# TASK DATA:
☆ ☆ ☆ ☆ ☆

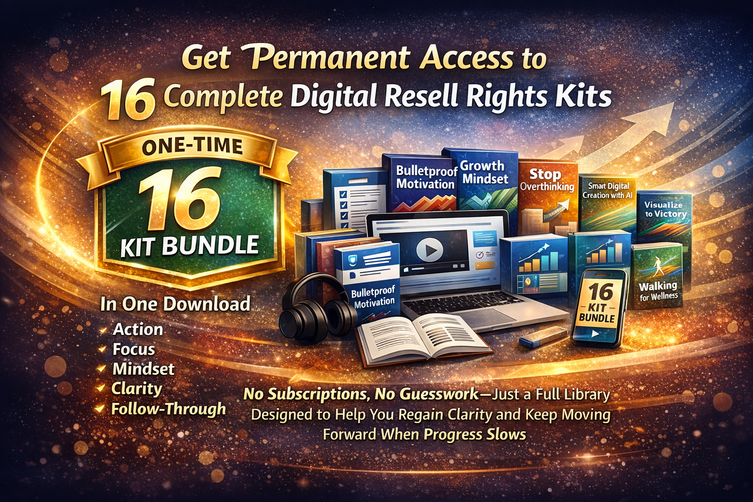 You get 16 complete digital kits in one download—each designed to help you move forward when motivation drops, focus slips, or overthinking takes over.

☆ ☆ ☆ ☆ ☆

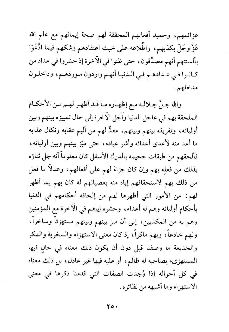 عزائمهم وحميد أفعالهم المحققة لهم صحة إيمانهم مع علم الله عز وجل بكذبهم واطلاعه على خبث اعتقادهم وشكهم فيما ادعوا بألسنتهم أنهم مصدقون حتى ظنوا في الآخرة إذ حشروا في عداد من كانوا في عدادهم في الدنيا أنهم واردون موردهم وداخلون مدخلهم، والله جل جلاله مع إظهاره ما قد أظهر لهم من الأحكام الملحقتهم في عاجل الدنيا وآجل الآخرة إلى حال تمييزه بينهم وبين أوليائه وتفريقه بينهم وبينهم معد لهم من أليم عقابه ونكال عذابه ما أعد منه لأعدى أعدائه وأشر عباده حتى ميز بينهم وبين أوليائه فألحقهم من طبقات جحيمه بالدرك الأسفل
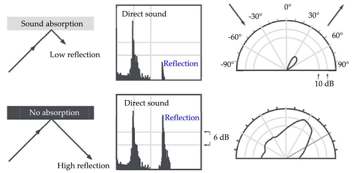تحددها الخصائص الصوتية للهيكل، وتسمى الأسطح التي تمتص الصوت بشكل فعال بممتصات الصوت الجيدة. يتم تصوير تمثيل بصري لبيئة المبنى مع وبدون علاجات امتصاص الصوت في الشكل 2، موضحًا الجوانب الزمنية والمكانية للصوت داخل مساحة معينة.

☆ ☆ ☆ ☆ ☆

# WORK TASK:
Copy only this from above: the line containing "عزائمهم وحميد أفعالهم", the line containing "تحددها الخصائص الصوتية", and all lines between, printed exactly. Leave out the pictures.

# ANSWER SECTION:
 عزائمهم وحميد أفعالهم المحققة لهم صحة إيمانهم مع علم الله عز وجل بكذبهم واطلاعه على خبث اعتقادهم وشكهم فيما ادعوا بألسنتهم أنهم مصدقون حتى ظنوا في الآخرة إذ حشروا في عداد من كانوا في عدادهم في الدنيا أنهم واردون موردهم وداخلون مدخلهم، والله جل جلاله مع إظهاره ما قد أظهر لهم من الأحكام الملحقتهم في عاجل الدنيا وآجل الآخرة إلى حال تمييزه بينهم وبين أوليائه وتفريقه بينهم وبينهم معد لهم من أليم عقابه ونكال عذابه ما أعد منه لأعدى أعدائه وأشر عباده حتى ميز بينهم وبين أوليائه فألحقهم من طبقات جحيمه بالدرك الأسفل
تحددها الخصائص الصوتية للهيكل، وتسمى الأسطح التي تمتص الصوت بشكل فعال بممتصات الصوت الجيدة. يتم تصوير تمثيل بصري لبيئة المبنى مع وبدون علاجات امتصاص الصوت في الشكل 2، موضحًا الجوانب الزمنية والمكانية للصوت داخل مساحة معينة.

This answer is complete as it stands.